» YOUR INSTRUCTIONS:
Give the whole listing below once more, exactly, without pictures.

» DATASET EXTRACT:
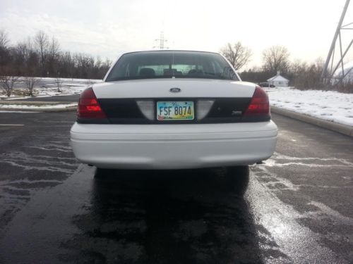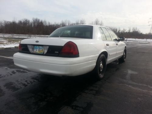 2009 Ford Crown Victoria Police Interceptor White - clean and shiny - NO rust Clean carfax, private, only one private owner. Runs perfect! ice cold a/c - super hot heat, transmission perfect - engine perfect, read on.... THIS IS A NO RESERVE AUCTION! HIGHEST BIDDER TAKES IT HOME! EXTERIOR Black grille with heavy duty push bumper Conventional full-size spare tire & wheel (NOT IN PICTURE) P235/55R17 Goodyear RSA Pursuit Tires 50% or above tread Steel hub caps Dual black fold-away pwr remote-control HEATED mirrors HD 17" x 7.5" steel wheels INTERIOR Pwr distribution connector for aftermarket police equipment Driver-side footrest Removable headliner for high intensity dome lamp Plastic rear bench seat w/o center armrest -inc: 2-way head restraints Analog/digital gauge cluster HD rubber floor covering Tilt steering wheel Lockable illuminated glove box Dual ashtray-mounted cupholders Pwr windows w/driver-side express down Rear pwr access point -inc: pwr junction box providing pwr to trunk-mounted equipment Cloth reclining front bucket seats Driver seat power lumbar adjust Pwr door locks Dual beam map lights Color-keyed front/rear scuff plates Front door map pockets Cloth covered sun visors Rear floor-mounted heat ducts Power adjustable pedals Engine idle meter Air conditioning Rear window defroster Rear window bars not included Electronic 140-MPH speedometer MECHANICAL Coil on plug distributorless ignition system Front/rear stabilizer bars Battery saver turns lights off after 30-minutes Rear wheel drive Easy-access fuse panel 4-speed automatic transmission w/OD High-output 200-amp generator (132-amps at idle) -inc: integrated electronic voltage regulator Dual stainless steel exhaust system Watts linkage rear suspension Limited-slip differential SLA front suspension Unique police vehicle air induction system HD 78-amp/hr (750 CCA) maintenance-free battery HD frame & suspension Pwr 4-wheel anti-lock disc brakes Engine oil cooler Aluminum drive shaft Gas cylinder hood assists Fail safe engine cooling Nitrogen-pressurized monotube HD shock absorbers Manual parking brake release 3.55 rear axle ratio Transmission oil-to-air oil cooler 4.6L SEFI OHC FFV V8 california emissions not required Pwr steering oil cooler Variable assist rack & pinion pwr steering SAFETY Brake shift interlock Rear door child safety latches Dual note horn Front dual-stage air bags w/occupant sensors 3-point active safety belts w/front pretensioners Tire pressure monitoring system Side door intrusion beams Emergency interior trunk release Driver & front passenger side airbags EMERGENCY EQUIPMENT Fire Suppresion System UNITY driver search light needs new bulb Police trunk pack insert As per eBay policy: ALL EMERGENCY EQUIPMENT HAS BEEN REMOVED Goodyear RSA ($375.00 EACH!) New Brakes and oil Change less than 1200 miles ago. I am currently driving this car every day, so the mileage is not exact. I have owned p71 crown vics for the last 10 years and if you know these, you know they are bulletproof. This car was adult driven, never abused. I put on the last 60,000 Miles over the last 18 months and this vehicle is 100%. You will not be dissapointed about any part of this vehicle. It does not get more real than this. Vehicle is being sold as is. No warrantee or guarantee is implied or expressed. Local pickup only. Vehicle is for sale locally, and seller reserves the right to end this auction early if vehicle is no longer available. Please don't waste my time and only bid if you have the funds available. Brothers in law enforcement, EMS, Fire, always welcome. |
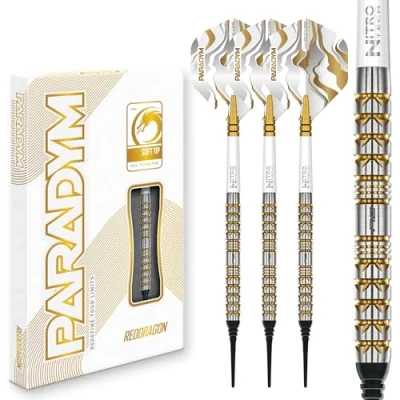 RED DRAGON Darts Paradym Gold Series 18g Barrel/ 20g Full Weight Professional Soft Tip Set 90% Tungsten Parallel Barrel Includes Dart Flights & Stems
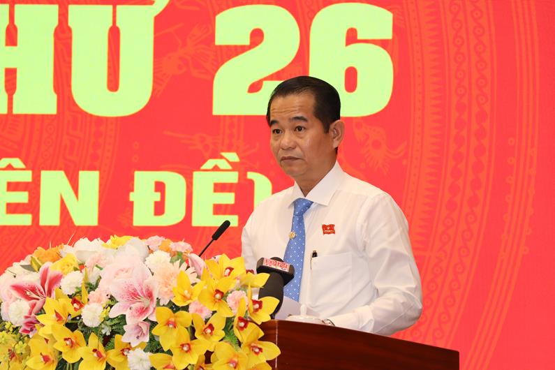 Chủ tịch HĐND tỉnh Thái Bảo phát biểu khai mạc kỳ họp lần thứ 26 HĐND tỉnh khóa X, nhiệm kỳ 2021-2026

» WRITTEN SOLUTION:
 2009 Ford Crown Victoria Police Interceptor White - clean and shiny - NO rust Clean carfax, private, only one private owner. Runs perfect! ice cold a/c - super hot heat, transmission perfect - engine perfect, read on.... THIS IS A NO RESERVE AUCTION! HIGHEST BIDDER TAKES IT HOME! EXTERIOR Black grille with heavy duty push bumper Conventional full-size spare tire & wheel (NOT IN PICTURE) P235/55R17 Goodyear RSA Pursuit Tires 50% or above tread Steel hub caps Dual black fold-away pwr remote-control HEATED mirrors HD 17" x 7.5" steel wheels INTERIOR Pwr distribution connector for aftermarket police equipment Driver-side footrest Removable headliner for high intensity dome lamp Plastic rear bench seat w/o center armrest -inc: 2-way head restraints Analog/digital gauge cluster HD rubber floor covering Tilt steering wheel Lockable illuminated glove box Dual ashtray-mounted cupholders Pwr windows w/driver-side express down Rear pwr access point -inc: pwr junction box providing pwr to trunk-mounted equipment Cloth reclining front bucket seats Driver seat power lumbar adjust Pwr door locks Dual beam map lights Color-keyed front/rear scuff plates Front door map pockets Cloth covered sun visors Rear floor-mounted heat ducts Power adjustable pedals Engine idle meter Air conditioning Rear window defroster Rear window bars not included Electronic 140-MPH speedometer MECHANICAL Coil on plug distributorless ignition system Front/rear stabilizer bars Battery saver turns lights off after 30-minutes Rear wheel drive Easy-access fuse panel 4-speed automatic transmission w/OD High-output 200-amp generator (132-amps at idle) -inc: integrated electronic voltage regulator Dual stainless steel exhaust system Watts linkage rear suspension Limited-slip differential SLA front suspension Unique police vehicle air induction system HD 78-amp/hr (750 CCA) maintenance-free battery HD frame & suspension Pwr 4-wheel anti-lock disc brakes Engine oil cooler Aluminum drive shaft Gas cylinder hood assists Fail safe engine cooling Nitrogen-pressurized monotube HD shock absorbers Manual parking brake release 3.55 rear axle ratio Transmission oil-to-air oil cooler 4.6L SEFI OHC FFV V8 california emissions not required Pwr steering oil cooler Variable assist rack & pinion pwr steering SAFETY Brake shift interlock Rear door child safety latches Dual note horn Front dual-stage air bags w/occupant sensors 3-point active safety belts w/front pretensioners Tire pressure monitoring system Side door intrusion beams Emergency interior trunk release Driver & front passenger side airbags EMERGENCY EQUIPMENT Fire Suppresion System UNITY driver search light needs new bulb Police trunk pack insert As per eBay policy: ALL EMERGENCY EQUIPMENT HAS BEEN REMOVED Goodyear RSA ($375.00 EACH!) New Brakes and oil Change less than 1200 miles ago. I am currently driving this car every day, so the mileage is not exact. I have owned p71 crown vics for the last 10 years and if you know these, you know they are bulletproof. This car was adult driven, never abused. I put on the last 60,000 Miles over the last 18 months and this vehicle is 100%. You will not be dissapointed about any part of this vehicle. It does not get more real than this. Vehicle is being sold as is. No warrantee or guarantee is implied or expressed. Local pickup only. Vehicle is for sale locally, and seller reserves the right to end this auction early if vehicle is no longer available. Please don't waste my time and only bid if you have the funds available. Brothers in law enforcement, EMS, Fire, always welcome. |
 RED DRAGON Darts Paradym Gold Series 18g Barrel/ 20g Full Weight Professional Soft Tip Set 90% Tungsten Parallel Barrel Includes Dart Flights & Stems
 Chủ tịch HĐND tỉnh Thái Bảo phát biểu khai mạc kỳ họp lần thứ 26 HĐND tỉnh khóa X, nhiệm kỳ 2021-2026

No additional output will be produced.